銀様の引退
銀様からの謝罪を受け、狐の里の人達も悪感情を持っていないというのは一安心である……あるのだが……
「あの、真守は……」
あの時の記憶は全て覚えている。
好きだの愛してるだのと言った挙句に身体を縛って這いつくばらせ、その上に乗って犬扱いしてお尻を叩く……字面を並べてみたら、やらかしたなんて生易しいものでない。
「狼の巫女殿なら、あちらの里長に連れられて狼の里に向かったようじゃな?」
「狼の里の長?」
「日向を止めてくれた人コン。
あの人が里長の疋様だコン」
「ああ、あの巫女服を着崩してたワイルドな人!
え?あの人が里長なの?」
「そうじゃな……妾も会うたのは数十年ぶりになるか。
滅多に姿を現さぬ変わり者よ」
「そうなんですね」
暴走していた時の記憶になるが、その姿を思い出してみる。
高身長でスラリとした体型であり、胸元が大胆に空いた巫女服を着てタバコを吸っている、黒髪ロングの美人な女性であった。

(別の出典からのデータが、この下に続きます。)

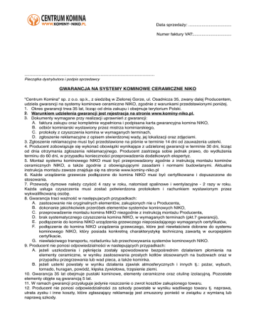 Data sprzedaży: .................................... Numer faktury VAT:................................ ................................................................................................... Pieczątka dystrybutora i podpis sprzedawcy GWARANCJA NA SYSTEMY KOMINOWE CERAMICZNE NIKO "Centrum Komina" sp. z o.o. sp.k., z siedzibą w Zielonej Gorze, ul. Osadnicza 35, zwany dalej Producentem, udziela gwarancji na systemy kominowe ceramiczne NIKO, zgodnie z warunkami przedstawionymi poniżej. 1. Okres gwarancji trwa 35 lat, licząc od dnia zakupu i obejmuje terytorium Polski. 2. Warunkiem udzielenia gwarancji jest rejestracja na stronie www.kominy-niko.pl. 3. Dokumenty wymagane przy realizacji uprawnień z gwarancji: A. faktura zakupu oraz kompletnie wypełniona i podpisana karta gwarancyjna komina NIKO, B. odbiór kominiarski wystawiony przez mistrza kominiarskiego, C. protokoły z czyszczenia komina w wymaganych terminach, D. zgłoszenie reklamacyjne z opisem stwierdzonej wady, jej lokalizacji oraz zdjęciami. 3. Zgłoszenie reklamacyjne musi być przedstawione na piśmie w terminie 14 dni od zauważenia usterki. 4. Producent zobowiązuje się wykonać obowiązki wynikające z udzielonej gwarancji w terminie 30 dni, licząc od dnia otrzymania zgłoszenia reklamacyjnego. Producent zastrzega sobie jednak prawo, do wydłużenia terminu do 60 dni, w przypadku konieczności przeprowadzenia dodatkowych ekspertyz. 5. Montaż systemu kominowego NIKO musi być przeprowadzony zgodnie z instrukcją montażu kominów ceramicznych NIKO, a także zgodnie z obowiązującymi zasadami i normami budowlanymi. Aktualna instrukcja montażu zawsze znajduje się na stronie www.kominy-niko.pl 6. Każde urządzenie grzewcze podłączone do komina NIKO musi być certyfikowane i dopuszczone do stosowania. 7. Przewody dymowe należy czyścić 4 razy w roku, natomiast spalinowe i wentylacyjne - 2 razy w roku. Każda usługa czyszczenia musi zostać potwierdzona protokołem i rachunkiem wystawionym przez wykwalifikowaną osobę. 8. Gwarancja traci ważność w następujacych przypadkach: A. zastosowanie nie oryginalnych elementów, zakupionych nie u Producenta, B. dokonanie jakichkolwiek przeróbek elementów systemów kominowych NIKO, C. przeprowadzenie montażu komina NIKO niezgodnie z instrukcją montażu Producenta, D. brak systematycznego czyszczenia komina NIKO, w wymaganych terminach (pkt.7 gwarancji), E. podłączenie do komina NIKO urządzenia grzewczego nieposiadającego wymaganych certyfikatów, F. podłączenie do komina NIKO urządzenia grzewczego, które jest niewłaściwie dobrane do systemu kominowego NIKO, który posiada konkretną charakterystykę techniczną zawartą w europejskim certyfikacie, G. niewłaściwego transportu, rozładunku lub przechowywania systemów kominowych NIKO. 9. Producent nie ponosi odpowiedzialności w nastepujących przypadkach: A. jeżeli uszkodzenia i pęknięcia zostały spowodowane bezpośrednim działaniem płomienia na elementy ceramiczne, w wyniku zastosowania prostych kotłów stosowanych na budowach oraz w przypadku przegrzewania lub wad pieca, a także kominka. B. jeżeli usterki powstały w wyniku działania zjawisk atmosferycznych i innych tj.: pożar, wybuch, tornado, huragan, powódź, klęska żywiołowa, trzęsienie ziemi. 10. Gwarancja 35 lat obejmuje pustaki kominowe, elementy ceramiczne oraz otulinę izolacyjną. Pozostałe elementy objęte są gwarancją 5 lat. 11. W ramach gwarancji przysługuje jedynie roszczenie o zwrot kosztów zakupionego towaru. 12. Producent nie ponosi odpowiedzialności za szkody powstałe w wyniku wadliwego towaru tj. naprawa, utrata zysku i inne koszty, które zgłaszający reklamację jest zmuszony ponieść w związku z wymianą lub naprawą szkody.

髪色が違うし、20代後半という見た目をしていたが、真守が大人に成長すればあんな風になるのかもしれない。
「……真守……」
会いたい……でも、あれだけの事をしておいて会うのはとても怖い。
狼の里に何をしに行ったのだろうか。
「狼の巫女殿ならそのうち元気に戻ってくるじゃろう。
その前に巫女殿に話しておかねばならぬ事があってのう」
「なんですか?」
「その前にここにもう一人呼んでもよいかのう?」
「ええ、もちろん構いませんよ」
「感謝する……紅蓮、入ってまいれ」
銀様に呼ばれて入ってきたのは、コンの父親である紅蓮さんだった。
今は他の皆と同じく狐の姿をしている。
「巫女殿、ご無事で何よりでございます」
「先程はご迷惑をおかけしました」
「いえ、大婆様も仰っていたでしょうが、責任は全てこの里にあります。
何もお気になさらずに」
「……分かりました」
正直、気にしないでというのは無理な話である、
それでも、里がそのような方針で私に接してくれるのであれば、その気持ちを無碍にすることは出来ないだろう。
「それで話なのじゃが……妾は完全に引退し、あとのことは里長である紅蓮に託す事にしたのじゃ」
「え!?」
銀様の突然の引退宣言に驚いて声をあげてしまった。
「いつまでも妾のような、頭の凝り固まった老人が上にいても良いことなど無いじゃろうからな。